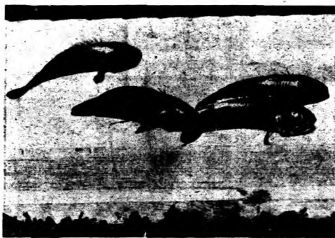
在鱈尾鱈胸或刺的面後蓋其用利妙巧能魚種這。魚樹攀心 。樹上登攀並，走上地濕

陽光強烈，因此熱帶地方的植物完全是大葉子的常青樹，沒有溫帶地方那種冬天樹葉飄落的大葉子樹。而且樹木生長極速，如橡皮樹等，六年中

--

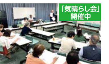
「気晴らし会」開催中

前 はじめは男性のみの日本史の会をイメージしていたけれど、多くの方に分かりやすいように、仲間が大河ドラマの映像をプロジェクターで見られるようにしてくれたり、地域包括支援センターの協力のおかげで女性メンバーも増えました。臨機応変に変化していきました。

*TASK TO CARRY OUT*:
Look through the material above and print exactly the lines from the one containing "在鱈尾鱈胸或刺的面後蓋其用利妙巧能魚種這。魚樹攀心 。樹上登攀並，走上地濕" to the one containing "陽光強烈，因此熱帶地方的植物", both included, and nothing more.

*SOLUTION TO THE PROBLEM*:
在鱈尾鱈胸或刺的面後蓋其用利妙巧能魚種這。魚樹攀心 。樹上登攀並，走上地濕

陽光強烈，因此熱帶地方的植物完全是大葉子的常青樹，沒有溫帶地方那種冬天樹葉飄落的大葉子樹。而且樹木生長極速，如橡皮樹等，六年中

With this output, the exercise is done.